My wife and I would love for one of us to be able to stay at home with our kids when we start having them -- at least until they're old enough to start school -- but I really doubt that we'll be able to afford to do so.

As a serious question, how much of what you cannot afford is lifestyle? Would you not be able to meet material needs on one salary at all, or could you perhaps afford it in a less-nice neighborhood?
posted by Tanizaki at 2:07 PM on March 18, 2013


Would you not be able to meet material needs on one salary at all, or could you perhaps afford it in a less-nice neighborhood?

But doesn't that depend on what you value? If you want to be able to afford a safe neighborhood with good schools, that's lifestyle, sure, but it's necessity for YOU and your family.
posted by roomthreeseventeen at 2:10 PM on March 18, 2013 [3 favorites]


France's 35 hour work week supposedly gained them 350,000 jobs between 1998 and 2002 :   "En cherchant un équilibre entre baisse de la durée du travail, modération salariale, gains de productivité et aide de l’État, le processus de RTT a conduit, selon les estimations, à un rapide enrichissement de la croissance en emplois de près de 350,000 postes sur la période 1998-2002, et ceci, sans déséquilibre financier apparent pour les entreprises." (pdf)

France's unemployment rate declined from 8.6% to 7.5% from 2003 to 2008. I believe U.S. unemployment fell 6.2% to 4.8% during the same period, so somewhat more, but also Bush tweaked the numbers. So presumably the 35 hour work week caused little problem.

At present, the U.S. has an unemployment rate of almost 8% while France's rate is 10.6%. Italy has an 11.1% unemployment rate. Spain has 26% unemployment. So France is doing alright amongst countries with similar state debt issues.

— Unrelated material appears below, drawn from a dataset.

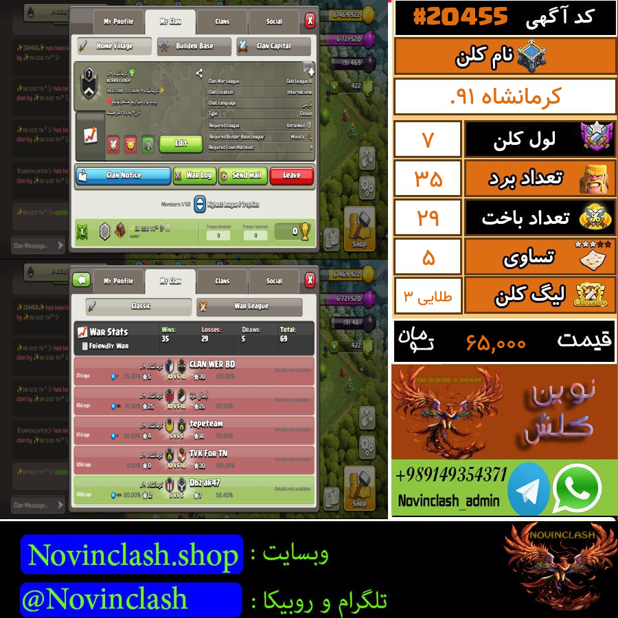 فروش کلن کلش اف کلنز لول 7 کد 20455قبل از اقدام به خرید و فروش حتماً قوانین سایت را مطالعه کنید.
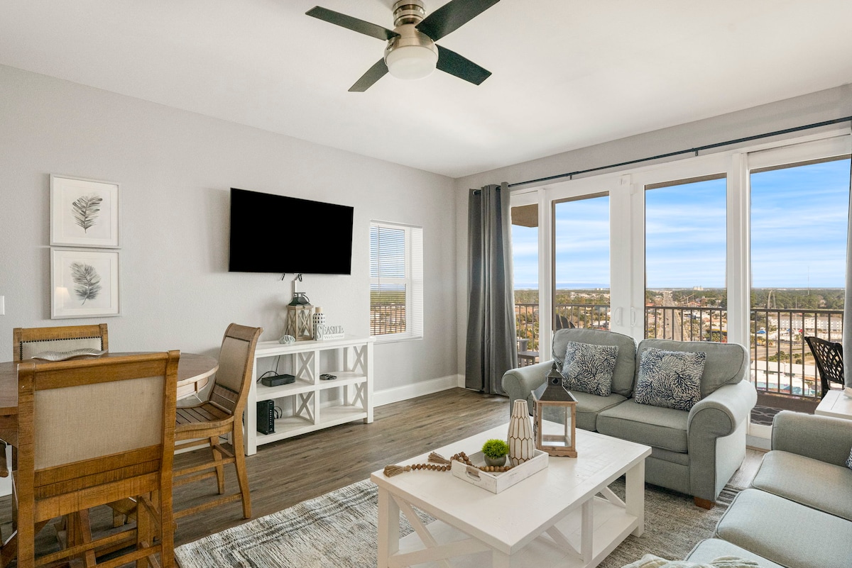 Welcome to your dream coastal retreat! This newly renovated penthouse condo offers stunning panoramic views of the Gulf of Mexico from the living room, kitchen, and master bedroom. With space to comfortably sleep 10, this condo provides the perfect blend of luxury and relaxation. Located in the sought-after Laketown Wharf, you'll enjoy resort-style living with five unique pools, on-site shops and restaurants, and a 52,000 sq ft lakefront boardwalk. Just steps away from the beach.

Youth unemployment is really the issue though : France has 26% youth unemployment, while the U.S. has only 16% youth unemployment, but arguably the U.S. problem is worse because unemployed youth cannot afford school. Italy has 36% youth unemployment. Spain has 55% youth unemployment. So France is doing much better here.

I'd expect France's 35 hour work week has played some role in protecting the country, but simply not adopting the numerous right-wing employment reforms that Italy adopted under by Berlusconi might be the larger factor.
posted by jeffburdges at 2:11 PM on March 18, 2013 [4 favorites]


For Rebecca Woolf, maternal ambition led to the creation of her website, Girl’s Gone Child, in 2005, when she was 23 and had just given birth to her son Archer. She has since had three more children (a girl, Fable, and twins named Reverie and Boheme), and every day she posts staged photos of her kids that make her family life look like one big, wholesome-but-funky romp.
Sounds like a pretty cool lady that I bet is fun to hang out with, whose family branding is unlikely to get old or backfire at all, and will surely withstand the test of time.
posted by Sokka shot first at 2:12 PM on March 18, 2013 [12 favorites]


Sokka shot first makes a good point. The backlash against blog mommies who boast about their at home families is HUGE and enormous.
posted by roomthreeseventeen at 2:14 PM on March 18, 2013 [2 favorites]


People are mixing up income sheet and balance statement. People who are living on 106K in a place with a high cost of living, where a big chunk of their income goes to pay for housing, should not be included in a group of people with people who are not dependent upon a paycheck to keep a roof over their heads. Do I need to remind you all of this?

I'm tired of this being portrayed as a women's issue. Parenting is not women's issue. It's everyone's issue. As long as we keep framing this as about the "choices" women make, we are not going to make progress. The United States is in a shameful position where one political party trumpets "family values" and the other one trumpets "women's issues!" and yet we have minimal parental leave, a wildly inadequate minimum wage, and seriously inadequate childcare issues.
posted by ambrosia at 2:15 PM on March 18, 2013 [17 favorites]


" The backlash against blog mommies who boast about their at home families is HUGE and enormous."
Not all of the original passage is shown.